Using the `countyfloods` package"

not_cran <- Sys.getenv("NOT_CRAN") == "true"
if (!not_cran) {
   knitr::opts_chunk$set(eval = FALSE)
    msg <- paste("Note: Examples in this vignette are set to not run on CRAN. If you would",
                 "like to build this vignette locally, you can do so by first setting the",
                 "environmental variable 'NOT_CRAN' to 'true' on your computer and then ",
                 "rebuilding the vignette.")
    msg <- paste(strwrap(msg), collapse="\n")
    message(msg)
}
library(countyfloods)

Overview of the package

Basic example

You can use the get_county_cd function to get a vector of all counties within a state:

get_county_cd(state = c("Georgia", "Alabama"))

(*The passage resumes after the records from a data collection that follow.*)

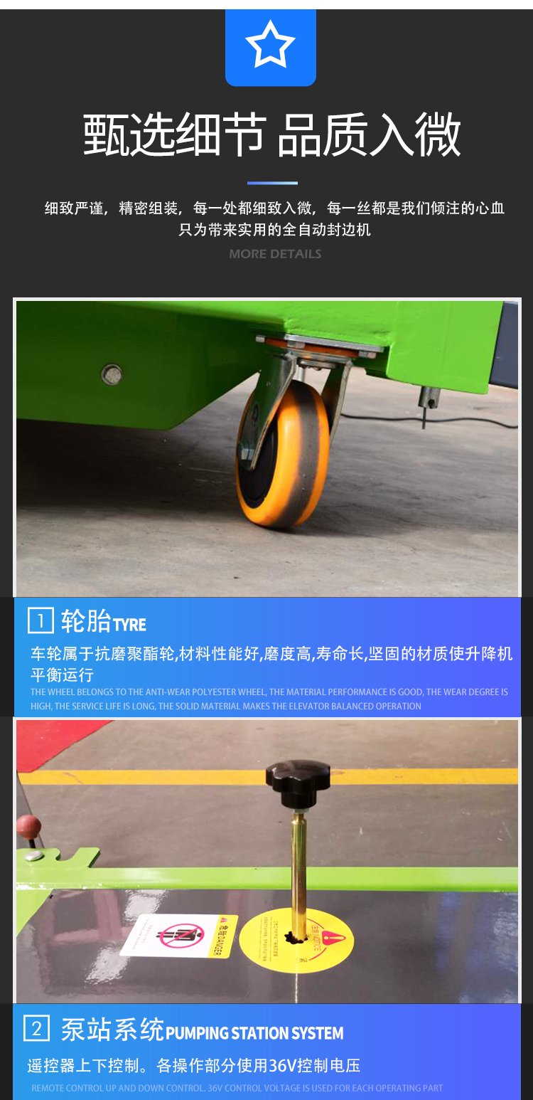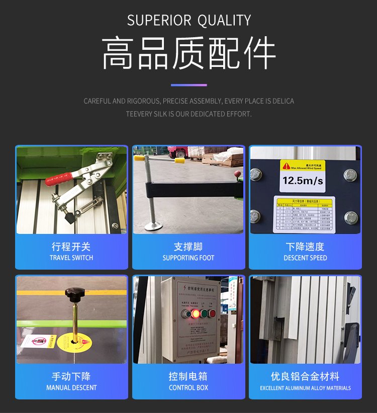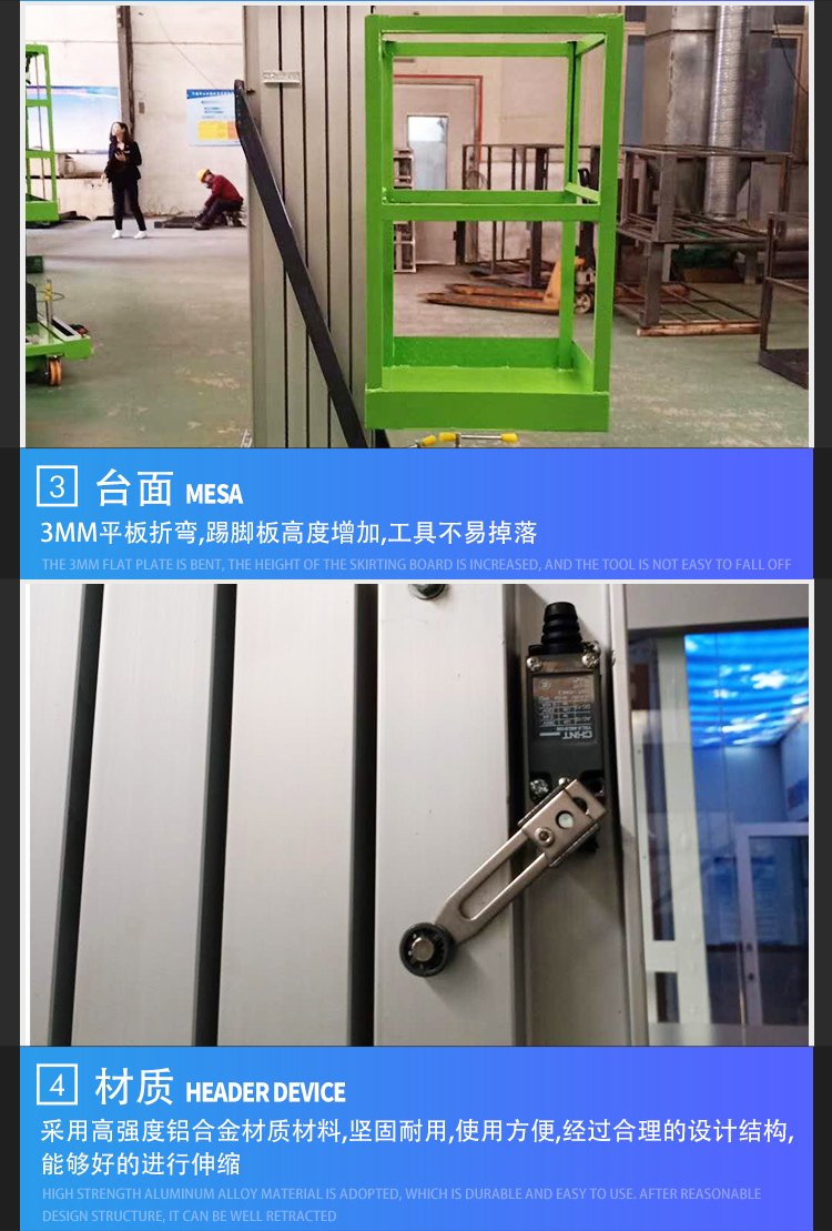 鋁合金液壓升降機主體采用高強度鋁合金材質構成,具有造型美觀、體積小、重量輕、升降平衡、安全可靠等優點,廣泛用于工廠、賓館、餐廳、車站、機場影劇院、展覽館等場所。該升降機承載能力強,適合于兩人(可攜帶一定的重量工具和材料)同時登高作業;還可根據不同環境訂制成各種非標產品,以滿足不同需要;是保養機具、油漆裝修、調換燈具、電器、清潔保養等用途的安全伴侶。
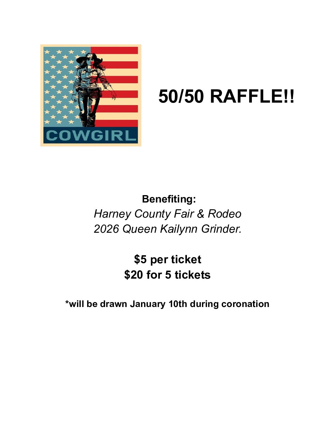 50/50 Raffle for Harney County Fair & Rodeo Queen
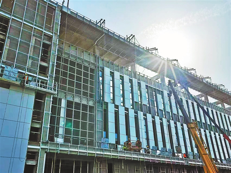 机械轰鸣声此起彼伏,车流往来穿梭。地面上,工人们忙于室外管网的铺设;半空中,施工人员正在进行建筑墙体的幕墙施工……仲夏时节,记者走进位于南昌高新区瑶湖西岸的瑶湖科学岛一期项目——南昌实验室项目建设现场,目睹了一片热火朝天的建设景象。这个总建筑面积约12.7万平方米的项目,从桩基施工到主体封顶仅用286天,较常规工期缩短了30%。而占地5.3平方公里的瑶湖科学岛,正以“三天一小变、半月一大变”的建设速度迅速崛起。
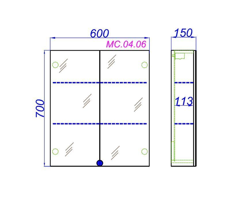 • Зеркальный шкаф МС 60 см с двумя дверьми на петлях с плавным закрыванием
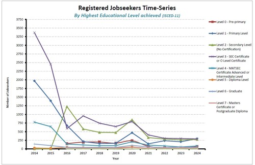 1.4 Registered Jobseekers segmented by the highest educational level achieved (2014-2024)37 % of those jobseekers registering at Jobsplus have an ISCED Level 3 classification, namely those with a SEC or O level certification. Moreover, almost 20% of jobseekers have a primary level of education (ISCED level 1). 14% of jobseekers have an educational level higher than that of an "A" level standard (ISCED level 4 and higher). |
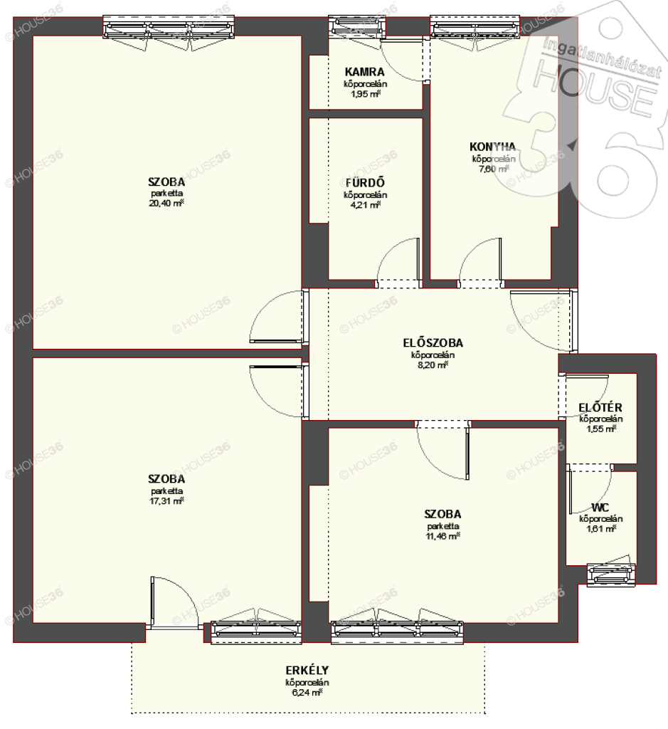 A lakás praktikus elrendezésű: három külön nyíló szoba, közlekedő, fürdőszoba és konyha helyiség alkotja.
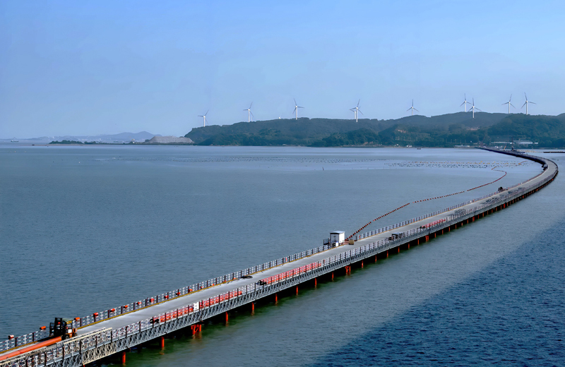 7月18日,新建漳汕高鐵全線控制性工程漳江灣跨海特大橋主棧橋完工,為后續(xù)海上各工作面施工奠定基礎(chǔ)。漳汕高鐵漳江灣跨海特大橋橋梁全長(zhǎng)5.8公里,海域部分橋梁長(zhǎng)5公里。目前,大橋主體結(jié)構(gòu)施工正在有序推進(jìn)。
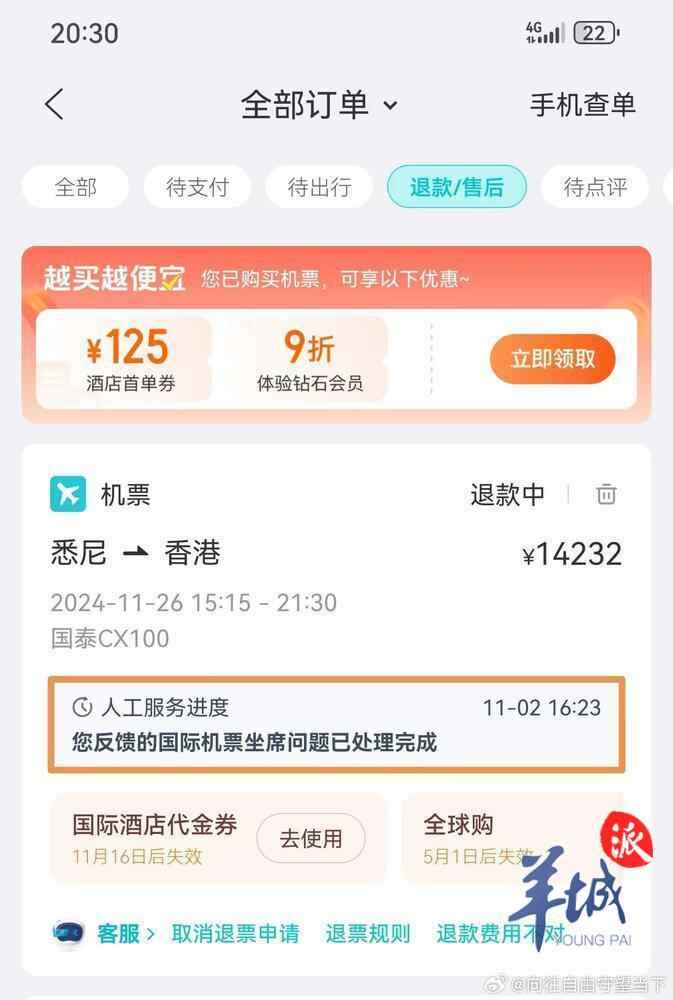 据周先生向记者讲述,2024年11月2日10时24分,他在“去哪儿旅行”APP平台上,帮朋友购买了4张从悉尼飞往香港的机票(起飞时间为11月26日15:15),每张机票票价为3558元(含税及保险),航空公司为国泰航空CX100航班。他通过平台绑定的信用卡支付了全部款项14232元。

You can use the get_gages function to pull all gages within a county or counties. For example, to get information on all gages for Miami-Dade county, you can run:

library(dplyr)
get_gages("12086", start_date = "1988-01-01", end_date = "2015-01-01") %>%
  slice(1:5)

You can use these two functions together within a pipe chain. For example, to get information on all the gages in Virginia in 2015, you can run:

va_gages <- get_county_cd("Virginia") %>%
   get_gages(start_date = "2015-01-01", end_date = "2015-12-31")
head(va_gages)

The function sends county-by-county requests to the USGS water services server (https://waterservices.usgs.gov) and, if there are data for gages within that county, returns that data and adds it to the dataframe returned by the function. This function may result in a message about a 404 HTTP status for some counties. This means that no data was found for one of the counties being queried but will not affect proper running of the function for other counties. Internally, this function uses the whatNWISsites function from the package, dataRetrieval, but adds the county FIPS code for each gage, allowing users to join gage data with other data identified by county FIPS. This function also uses the readNWISsites function from the dataRetrieval package to obtain the drainage area of the watershed at the selected gage. This can be used as a proxy for relative river size.

Once you have a list of gage numbers for which you would like to pull flow data, you can use the get_flow_data function to pull that data. For example, to pull data for all the stream gage flow data for 1999 for gages in Southhampton County, VA (FIPS code 51175), you can run:

southampton_gages <- get_gages("51175", start_date = "1999-01-01",
                                end_date = "1999-12-31")
southampton_data <- get_flow_data(southampton_gages, start_date = "1999-01-01",
                                  end_date = "1999-12-31")

The output from get_flow_data is a data frame with daily streamflow for the queried gages over the requested dates. The data frame has three columns: "site_no" = gage number, "date" = date of observation, and "discharge" = mean daily flow in cubic feet per second (USGS parameter code 00060):

head(southampton_data)
library(ggplot2)
ggplot(southampton_data, aes(x = date, y = discharge, color = site_no)) + 
  geom_line() + theme_classic() + 
  labs(y = "mean daily flow (cubic ft / s)", color = "gage site #")

To determine when a flood occurred, we need a value to determine a gage-specific value of streamflow that consitutes a "flood". Expected streamflow values vary substantially from gage to gage, so it is criticial to determine a sensible threshold for each gage included in a study before trying to identify floods at each gage.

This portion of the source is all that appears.